Whenever a picture appears, omit it, and set down everything else in the records exactly.

--- START ---

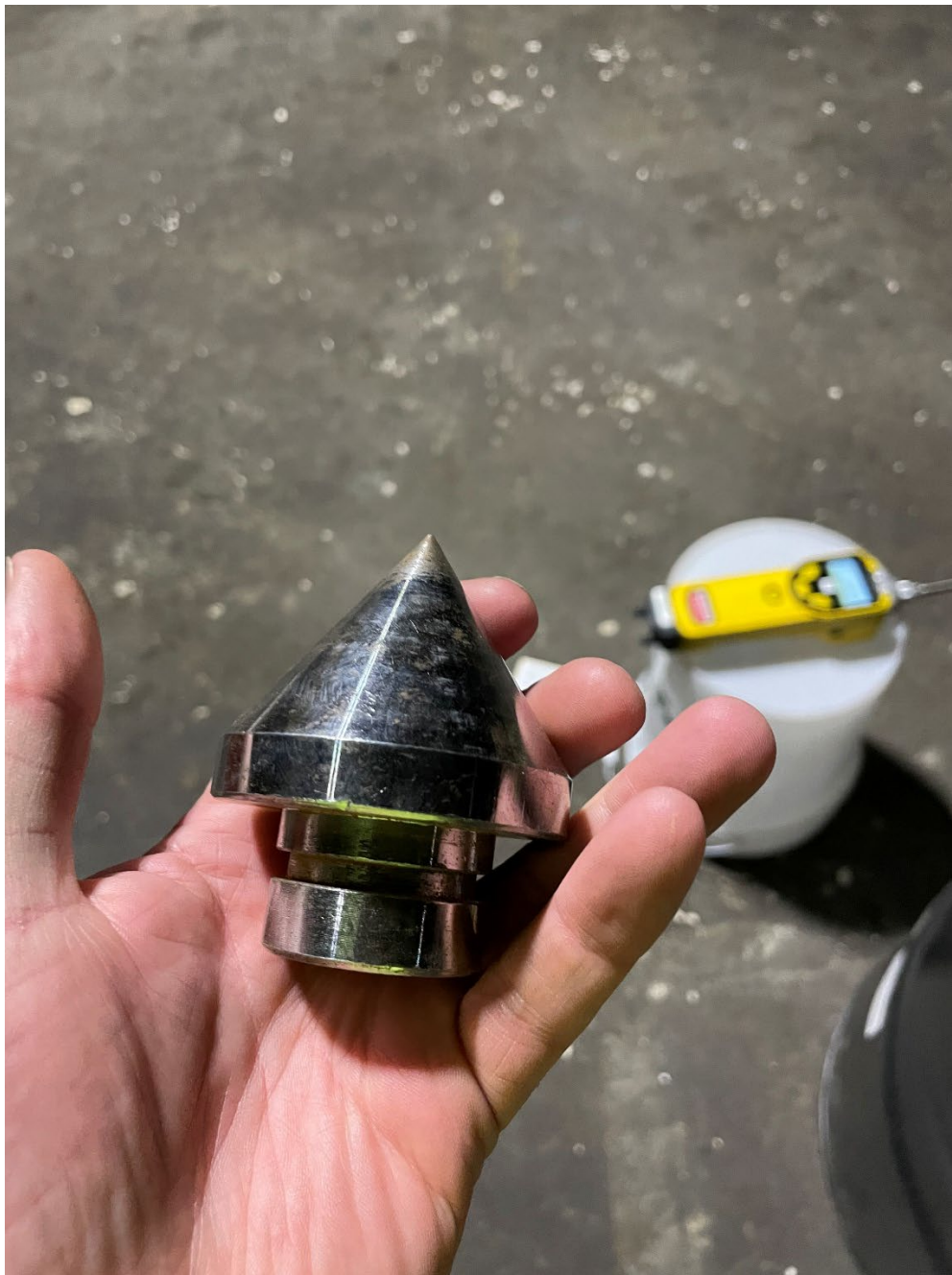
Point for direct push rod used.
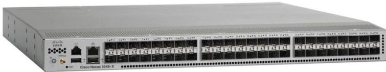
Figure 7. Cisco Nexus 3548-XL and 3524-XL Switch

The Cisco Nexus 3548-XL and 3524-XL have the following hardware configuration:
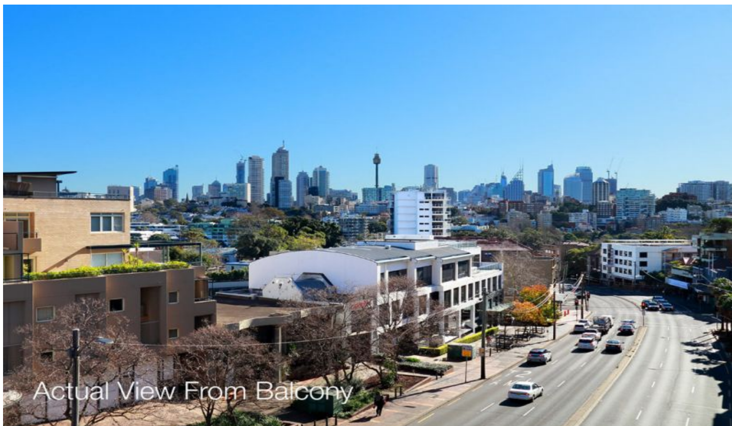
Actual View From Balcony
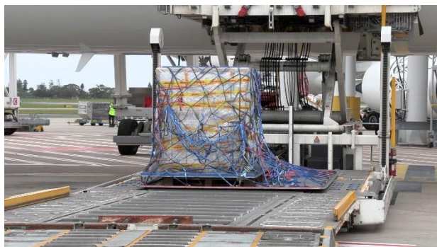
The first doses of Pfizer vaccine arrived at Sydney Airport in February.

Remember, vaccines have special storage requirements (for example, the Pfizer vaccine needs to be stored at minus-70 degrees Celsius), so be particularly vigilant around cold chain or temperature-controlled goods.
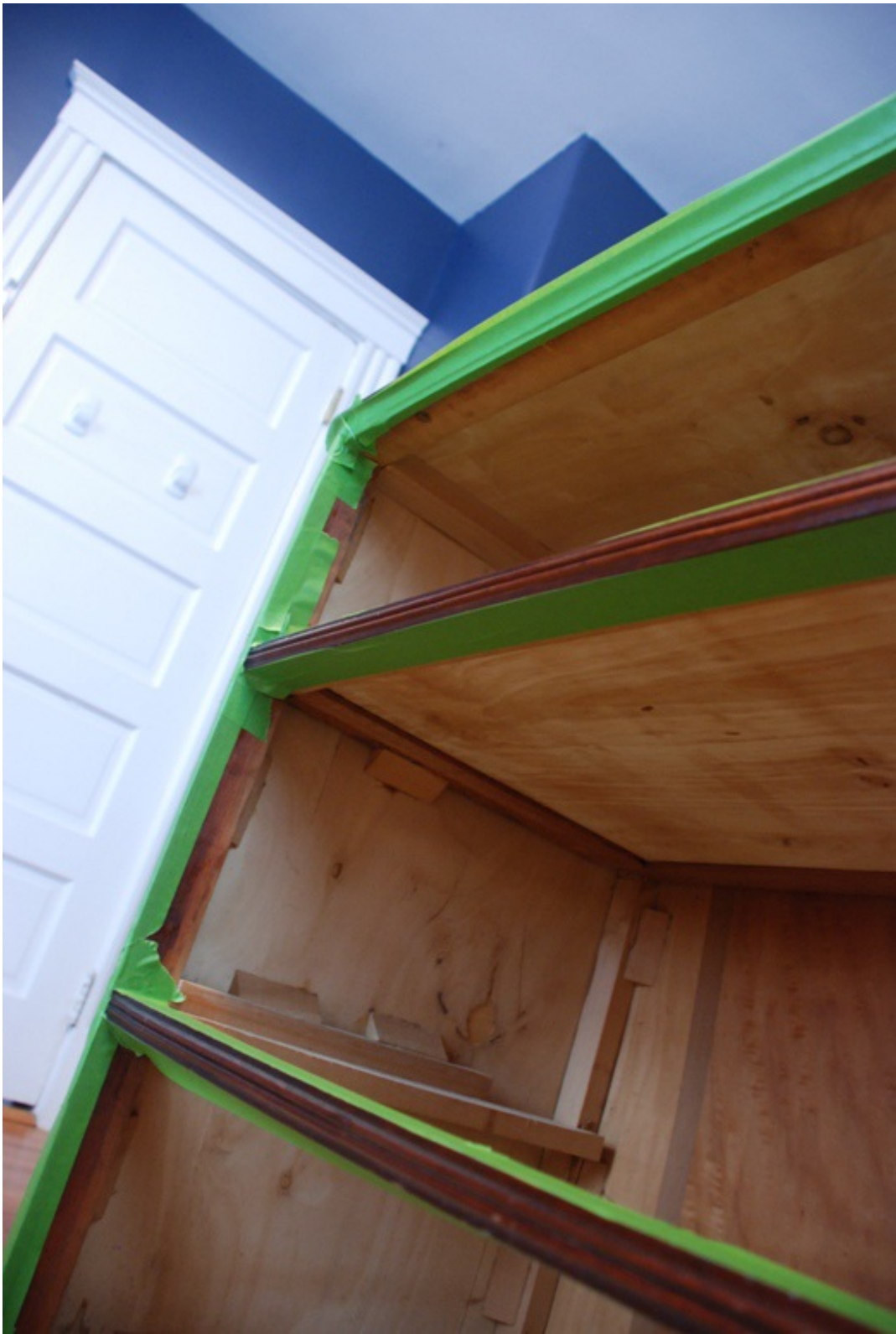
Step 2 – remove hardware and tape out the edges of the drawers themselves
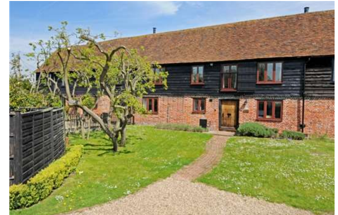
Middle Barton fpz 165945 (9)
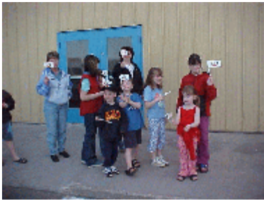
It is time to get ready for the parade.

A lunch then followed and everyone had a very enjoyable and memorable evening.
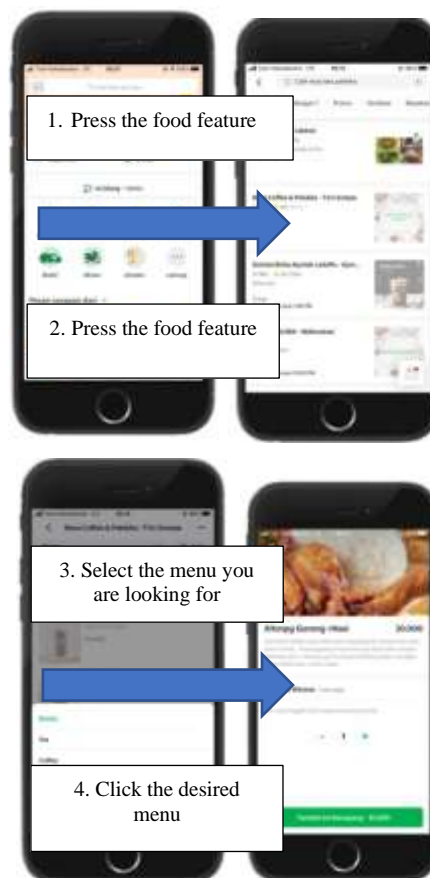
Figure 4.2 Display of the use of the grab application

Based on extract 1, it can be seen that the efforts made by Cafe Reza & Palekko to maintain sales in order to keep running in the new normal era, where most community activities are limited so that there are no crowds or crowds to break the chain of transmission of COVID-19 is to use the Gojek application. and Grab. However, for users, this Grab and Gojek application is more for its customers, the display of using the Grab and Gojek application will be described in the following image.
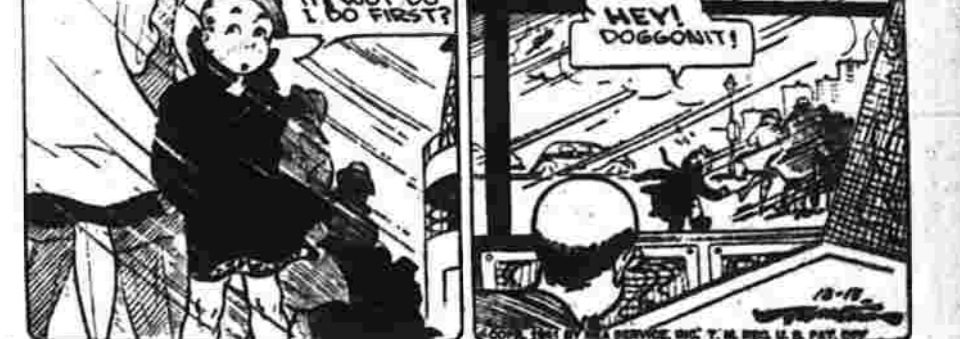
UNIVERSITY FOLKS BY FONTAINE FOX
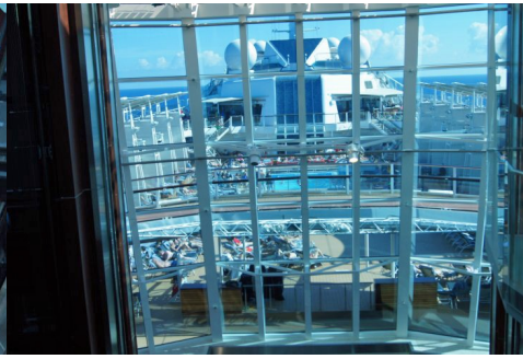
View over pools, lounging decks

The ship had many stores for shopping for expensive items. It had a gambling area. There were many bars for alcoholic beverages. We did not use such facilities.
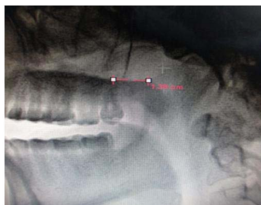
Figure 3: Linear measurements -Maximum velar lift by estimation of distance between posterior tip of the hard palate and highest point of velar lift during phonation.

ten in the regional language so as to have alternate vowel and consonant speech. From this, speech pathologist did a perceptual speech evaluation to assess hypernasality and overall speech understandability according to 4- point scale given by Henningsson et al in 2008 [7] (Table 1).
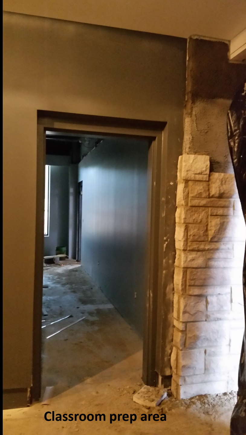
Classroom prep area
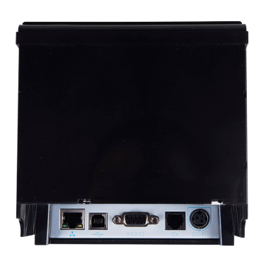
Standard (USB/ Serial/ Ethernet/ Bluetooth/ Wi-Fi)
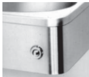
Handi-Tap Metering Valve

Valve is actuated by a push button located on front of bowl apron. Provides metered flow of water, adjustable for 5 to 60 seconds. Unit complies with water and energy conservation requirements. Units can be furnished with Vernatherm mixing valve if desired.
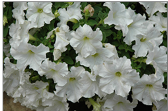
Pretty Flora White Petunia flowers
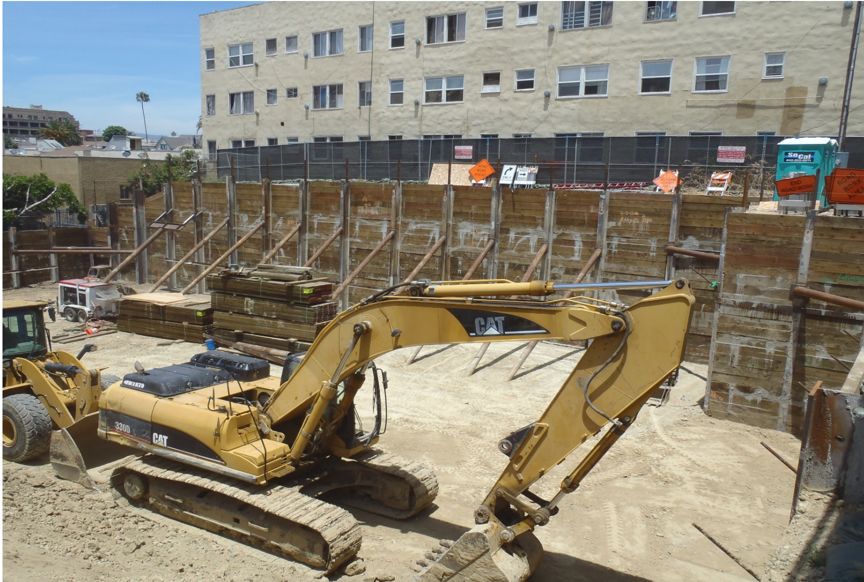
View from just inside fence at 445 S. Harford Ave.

--- END ---

Written response:
Point for direct push rod used.
Figure 7. Cisco Nexus 3548-XL and 3524-XL Switch

The Cisco Nexus 3548-XL and 3524-XL have the following hardware configuration:
Actual View From Balcony
The first doses of Pfizer vaccine arrived at Sydney Airport in February.

Remember, vaccines have special storage requirements (for example, the Pfizer vaccine needs to be stored at minus-70 degrees Celsius), so be particularly vigilant around cold chain or temperature-controlled goods.
Step 2 – remove hardware and tape out the edges of the drawers themselves
Middle Barton fpz 165945 (9)
It is time to get ready for the parade.

A lunch then followed and everyone had a very enjoyable and memorable evening.
Figure 4.2 Display of the use of the grab application

Based on extract 1, it can be seen that the efforts made by Cafe Reza & Palekko to maintain sales in order to keep running in the new normal era, where most community activities are limited so that there are no crowds or crowds to break the chain of transmission of COVID-19 is to use the Gojek application. and Grab. However, for users, this Grab and Gojek application is more for its customers, the display of using the Grab and Gojek application will be described in the following image.
UNIVERSITY FOLKS BY FONTAINE FOX
View over pools, lounging decks

The ship had many stores for shopping for expensive items. It had a gambling area. There were many bars for alcoholic beverages. We did not use such facilities.
Figure 3: Linear measurements -Maximum velar lift by estimation of distance between posterior tip of the hard palate and highest point of velar lift during phonation.

ten in the regional language so as to have alternate vowel and consonant speech. From this, speech pathologist did a perceptual speech evaluation to assess hypernasality and overall speech understandability according to 4- point scale given by Henningsson et al in 2008 [7] (Table 1).
Classroom prep area
Standard (USB/ Serial/ Ethernet/ Bluetooth/ Wi-Fi)
Handi-Tap Metering Valve

Valve is actuated by a push button located on front of bowl apron. Provides metered flow of water, adjustable for 5 to 60 seconds. Unit complies with water and energy conservation requirements. Units can be furnished with Vernatherm mixing valve if desired.
Pretty Flora White Petunia flowers
View from just inside fence at 445 S. Harford Ave.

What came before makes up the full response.